First responders saved my life, but I didn’t give them a second thought until now

Why do we take for granted the very people we task with saving our lives and who are suffering because of their jobs? Kevin Eastwood, director

I’m one of the countless people out there who owe their lives to first responders. In 2013, I had a cardiac arrest on a sidewalk in the middle of the day. A friend performed CPR until first, two firefighters stepped in, and then two paramedics arrived and took over. The paramedics gave me a round of epinephrine and then shocked me repeatedly with increasing voltage. After lying lifeless on the pavement for 10 minutes, I finally had a "palpable pulse.” They continued working until they got my heart rhythm back to normal. Then they transported me to the nearest emergency department that they knew would have the best cardiac care unit.

In the five years since that day, I have told the story of my near-death experience many times. When I recount this story, I regularly credit my dear friend Sonja for saving my life, with an “assist” to the incredible team of doctors and nurses at the hospital where I was taken. I also mention my amazing friends and family, whose love and support in my day-to-day life gave my mind and body the strength it needed to survive.

We take first responders for granted

Until recently, I must admit that I overlooked the second, third, fourth and fifth people involved in treating me: the first responders.

I should be more indebted to them than anyone for the work that they do, but until I made the documentary After the Sirens, I didn’t think about them when I told the story of the day my life was saved. I relegated them to bit players rather than the stars of that story. And I never thought of them as individuals who would have had their own experience of that event. I will never not think of them again.

Paramedics are suffering because of their jobs

In the course of making this film, I spoke to a lot of paramedics. It’s truly humbling to have a stranger summon their strength and courage to revisit a terrible event in their life and share their story with you. The facts are that approximately 26% of paramedics will get PTSD in the course of their careers and that they are five times more likely to commit suicide than the general population.

I know that some paramedics are concerned that, by giving attention to this issue, the general public may think they’re all broken and unable to do their jobs. They don’t want a patient to be wondering if the healthcare professional who arrives to take care of them is secretly hanging on by a thread.

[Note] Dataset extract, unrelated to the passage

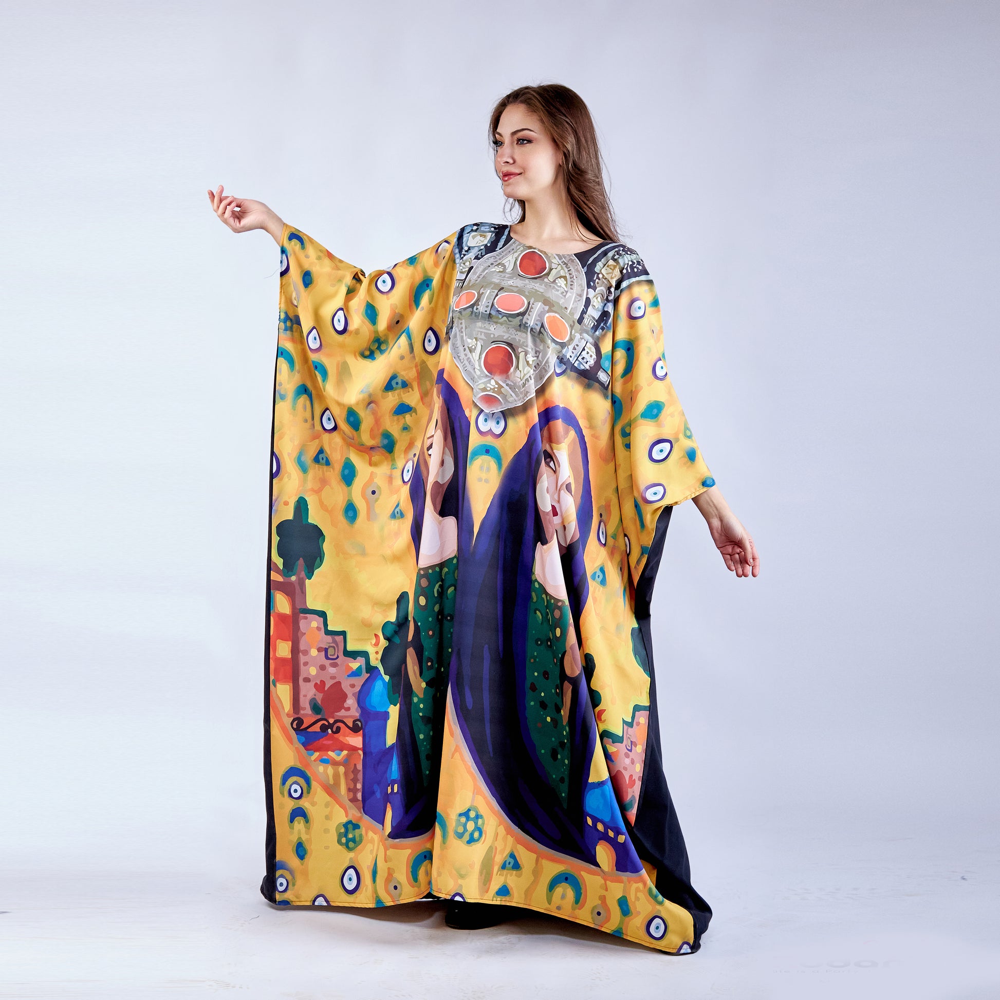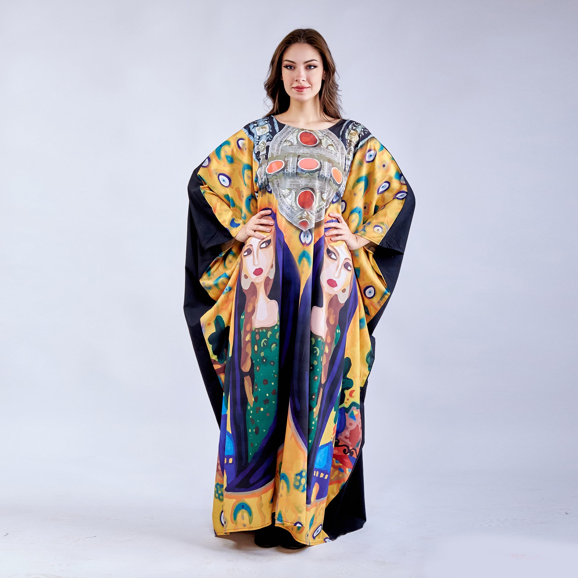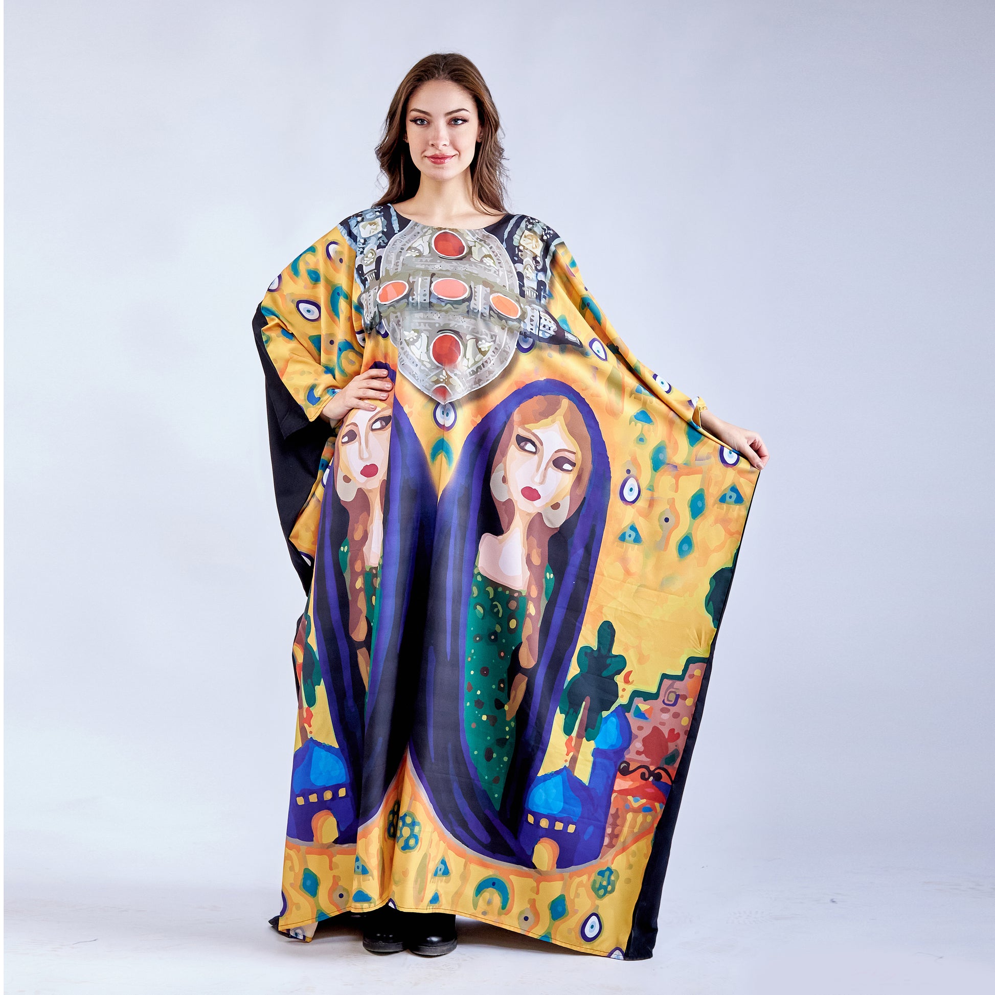 Lady of Sand is a versatile free-size kaftan crafted from premium microfiber fabric, offering exceptional comfort and durability. The lightweight microfiber material provides a soft, smooth feel against the skin while resisting wrinkles and maintaining its shape through regular wear. This flowing silhouette accommodates various body types with ease, making it an effortless choice for everyday elegance. The fabric's moisture-wicking properties ensure breathability in warm climates, while its easy-care nature simplifies maintenance. Perfect for layering or wearing alone, this kaftan delivers timeless style with practical sophistication.
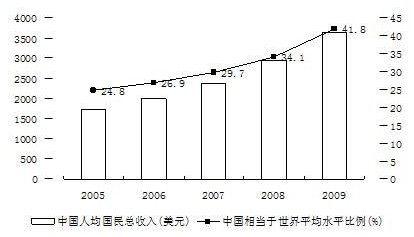 2005-2009年中國人均GNI及相當于世界平均水平的比例

I fear that’s the stigma talking. Every single paramedic I met, despite their PTSD, demonstrated extraordinary strength and skill. None of them were ever bad paramedics. In fact, the very opposite; by all accounts, they were all great at what they did. Not all paramedics will get PTSD, but for the ones that do, it’s not a reflection of their ability to do the job — it can happen to the very best of them.

All first responders deserve our thanks

On the last day of filming, one of the subjects, Natalie Harris, a paramedic in Ontario, showed me a “Cardiac Save” certificate that paramedics get for every life they’ve successfully saved from cardiac arrest. I had no idea this was something that existed. After months of filming paramedics telling me about their worst calls, it was this unexpected and positive story that undid me.

EXTRA SCENE: Natalie Harris shows film director Kevin Eastwood, a cardiac save certificate which she received for saving a young man's life.

For the first time during the project, tears welled up in my eyes, realizing that the woman in front of me, while not technically one of the first responders who saved my life, had done the same for others and was therefore as deserving of my gratitude as any of them.